Engaging business correspondents (BCs): In January 2006, RBI permitted banks to engage
business facilitators (BFs) and BCs as intermediaries for providing financial and banking
services. The BC model allows banks to provide doorstep delivery of services, especially cash
in-cash out transactions, thus addressing the last-mile problem. The list of eligible individualsand entities that can be engaged as BCs is being widened from time to time. With effect from
September 2010, for-profit companies have also been allowed to be engaged as BCs. India map
of Financial Inclusion by MIX provides more insights on this.
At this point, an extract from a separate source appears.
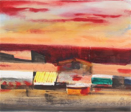 MAGAZZINI SALVATORE (n. 1955) Marrakech. Olio su tavola. Cm 43,00 x 38,00. Firma in basso a destra. Al retro firma e titolo. . Cornice presente

Use of technology: Recognizing that technology has the potential to address the issues of
outreach and credit delivery in rural and remote areas in a viable manner, banks have been
advised to make effective use of information and communications technology (ICT), to provide
doorstep banking services through the BC model where the accounts can be operated by even
illiterate customers by using biometrics, thus ensuring the security of transactions and enhancing
confidence in the banking system.
Adoption of EBT: Banks have been advised to implement EBT by leveraging ICT-based
banking through BCs to transfer social benefits electronically to the bank account of the
beneficiary and deliver government benefits to the doorstep of the beneficiary, thus reducing
dependence on cash and lowering transaction costs.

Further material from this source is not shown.